§ Task directions
The task calls for the line containing "1、首先从标准控件库中找到下拉式选单(Dropdown List)并且通过拖拽的方式把它拖入’Design View’视图之中" and all later lines, through the end of the entries below, to be set down exactly and without pictures.

+---+

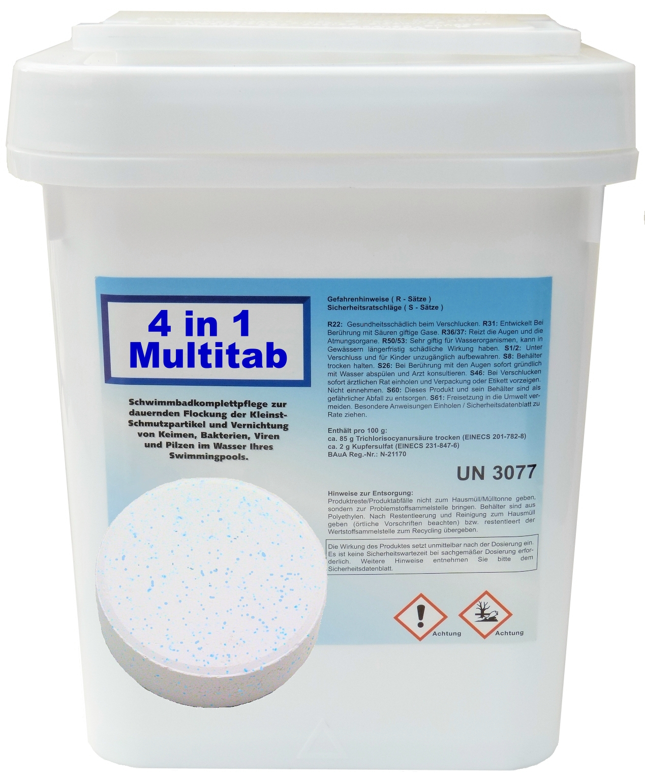 Geben Sie etwa eine Tablette 200 g für 10 - 14 Tage in 30 m³ Wasser.
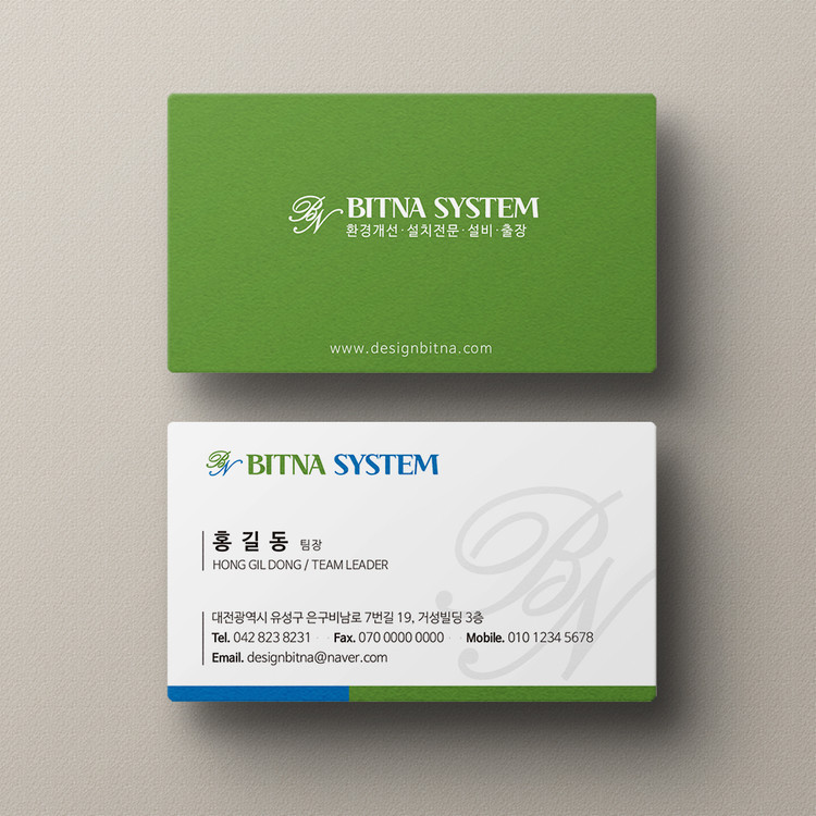 블루와 그린의 조화가 세련됨을 이루도록 제작된 기업 명함
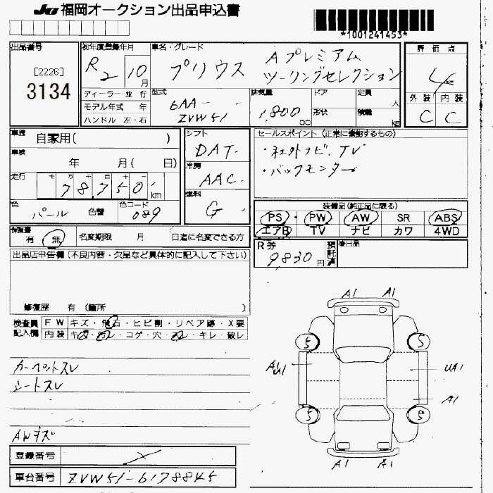 A ZVW51 2ZR-FXE Передний CVT 1.797 л 98 л.с AИ-92 2 910 000 ¥
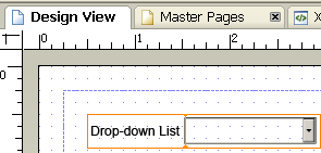 1、首先从标准控件库中找到下拉式选单(Dropdown List)并且通过拖拽的方式把它拖入’Design View’视图之中
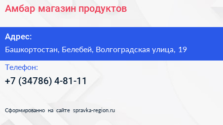 Амбар, магазин продуктов по адресу Башкортостан, Белебей, Волгоградская улица, 19 в дальнейшем Организация, размещена в следующих категориях:

+---+

§ Exercise response
 1、首先从标准控件库中找到下拉式选单(Dropdown List)并且通过拖拽的方式把它拖入’Design View’视图之中
 Амбар, магазин продуктов по адресу Башкортостан, Белебей, Волгоградская улица, 19 в дальнейшем Организация, размещена в следующих категориях:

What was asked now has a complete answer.